Taking Things Personally

This is my biggest personal flaw. Which is not a good one to have when you are in a field where rejection is a major factor more often than not. And as a singer, it is easy to take rejection as a personal affront, because after all, your instrument is a part of your body. It doesn’t sound like anyone else’s instrument.

Let’s say you’re a pianist and you’ve made it to the finals in a competition and everyone has to play a Chopin prelude in the last round. Everyone is as good as you are. And (assuming it’s an in-person audition), you’re all playing on the same instrument. Assuming that note/rhythmic accuracy isn’t an issue, since you’re all in the final round, what is different? What are you being judged on?

  • Phrasing
  • Touch
  • Dynamics
  • Overall interpretation

But the instrument’s basic tone is going to sound the same.(And pianists, if I’m full of it, call me out on it.)

As singers, we are being judged on all of the above, plus our tone quality. And assuming that we are all at the same level of ability at a competition, the feeling that “they don’t like my voice” can result in a “they don’t like me” response. And that is difficult.

When I returned to the East Coast after being gone for 17 years, I reauditioned for WNO, where I had performed steadily for 7 years – in the chorus, but also in comprimario and supporting roles. I was the mezzo soloist for two years in a row at the Kennedy Center Open House, representing the company as one of their finest singers.

It took me four years to be hired again. The first year I wasn’t offered anything. The second and third year, I was wait-listed. The fourth year, I decided that it was going to be my last audition for them. If they didn’t hire me then, I was done. I wound up getting a really bad cold the month before and wasn’t able to prepare the piece I intended and auditioned with a really old piece that I didn’t even like that much, but I knew I could sing it well, even just recovering from a cold. And I did sing it really well – I was so pleased at how it was going while I was singing.

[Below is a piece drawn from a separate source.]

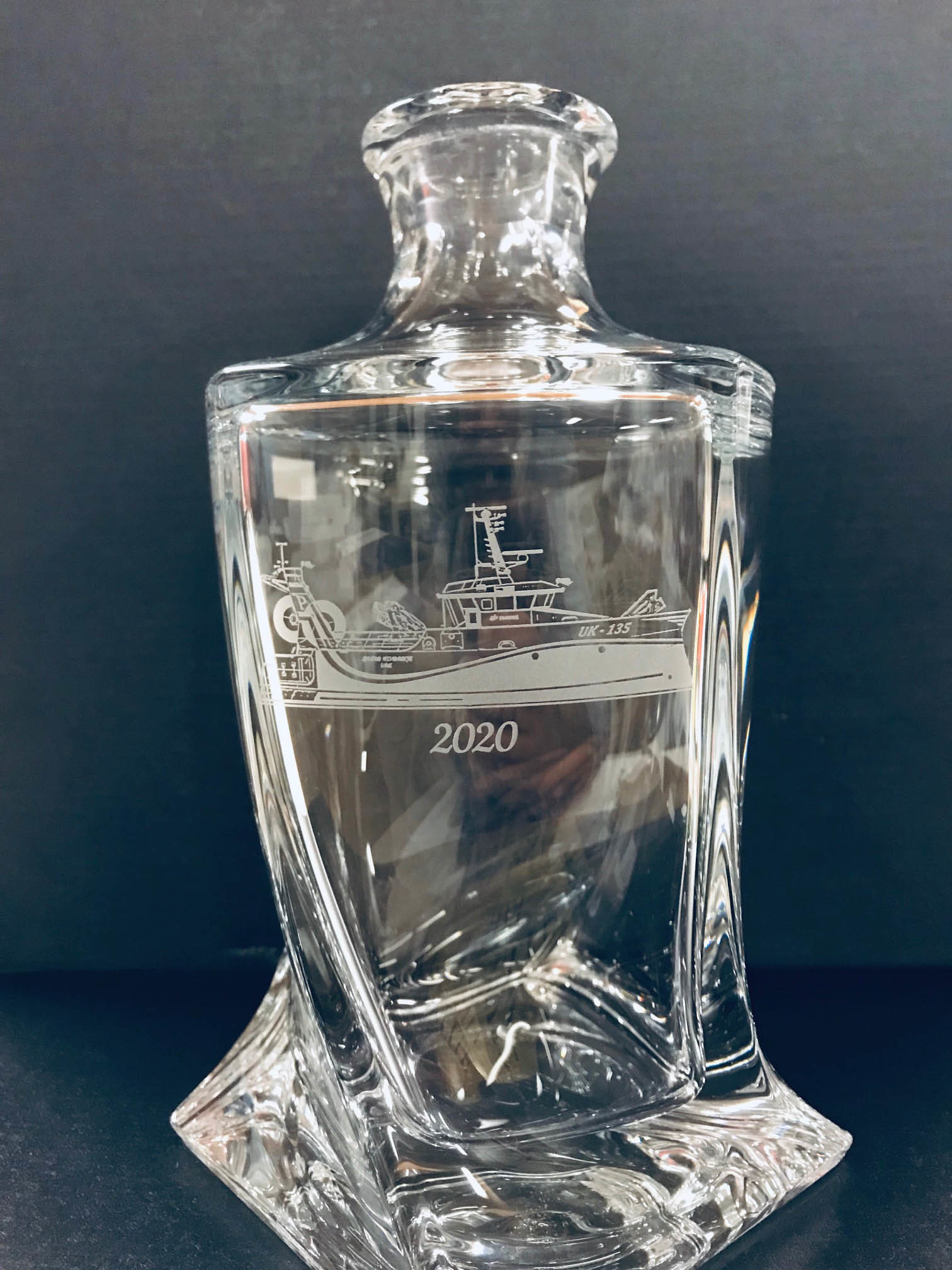 Het zand snijdt als het ware het glas op de plekken waar het sjabloon geen bescherming biedt. Hierdoor ontstaat een gelijkmatige, matte gravure die tot op milimeters nauwkeurig geplaatst kan worden. Na het zandstralen wordt de karaf gereinigd en gecontroleerd op perfectie.

They cut me off after the first section. “Well, that’s it,” I thought.

And then, three months later, I got a contract. And then the next year (and the year after that), I got two contracts (each year) and was asked to sing in the end of the year galas.

I thought about the experience of being cut off when I read this a few months ago:

(Honestly, it was a really tedious aria.)

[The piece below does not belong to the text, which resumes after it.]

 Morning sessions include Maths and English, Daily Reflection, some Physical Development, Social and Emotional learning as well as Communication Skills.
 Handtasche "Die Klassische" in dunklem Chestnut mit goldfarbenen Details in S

As I wrote recently, when you hear no, it means “Yes, but not yet.”

Or it really might mean no… but it means you need to go somewhere else. Somewhere you can be appreciated and nurtured.


Looking for a place to be appreciated and nurtured? Contact MVS to talk about developing your voice and being heard.

Published by Mezzoid Voice Studio

Christine Thomas-O'Meally, a mezzo soprano and voice teacher currently based in the Baltimore-DC area, has performed everything from the motets of J.S. Bach to the melodies of Irving Berlin to the minimalism of Philip Glass. As an opera singer and actress, she has appeared with companies such as Charm City Players, Spotlighters Theatre, Chicago Opera Theater, Opera Theater of Northern Virginia, Opera North, the Washington Savoyards, In Tandem Theatre, Windfall Theater, The Young Victorian Theater of Baltimore, and Skylight Opera Theatre. She created the role of The Woman in Red in Dominick Argento’s Dream of Valentino in its world premiere with the Washington Opera and Mary Pickersgill in O'er the Ramparts at its world premiere during the Bicentennial of Battle of Baltimore at the Community College of Baltimore County. Other roles include Mrs. Paroo in Music Man, Mother Abbess in Sound of Music, Dorabella in Cosi Fan Tutte, Marcellina in Le Nozze di Figaro, both Hansel and the Witch in Hansel & Gretel, and many roles in Gilbert & Sullivan operettas. Her performance as the Housekeeper in Man of La Mancha was honored with a WATCH award nomination. Ms. Thomas-O'Meally received an M.M. in vocal performance from the Peabody Conservatory in Baltimore. She regularly attends master classes and workshops in both performance and vocal pedagogy, and is certified in all three Levels of Somatic Voicework™ The LoVetri Method. Her students have performed on national and international tours of Broadway productions, at prestigious conservatories, and in regional theater throughout the country.

5 thoughts on “Taking Things Personally

  1. I could/should re-read your blog about taking things personally every day. I tell myself that I don’t, but I do 🙂 Very wise words.

    1. Believe me, a few days after I wrote it, I had something happen that really upset me and I’m still fighting how I feel about it. BUT at least I didn’t lash out with some passive-aggressive nonsense! #progress

      Thanks for your kind words.

  2. Wise words. When it comes to auditioning and performing, the voice is also the most unreliable of instruments. As a pianist, as long as the instrument is in tune, I have a solid baseline. I can play with tone, warmth, brilliance, but the fundamental spund is there. When I sing, the moisture in the air, how rested my body is and my state of mind will affect my sound.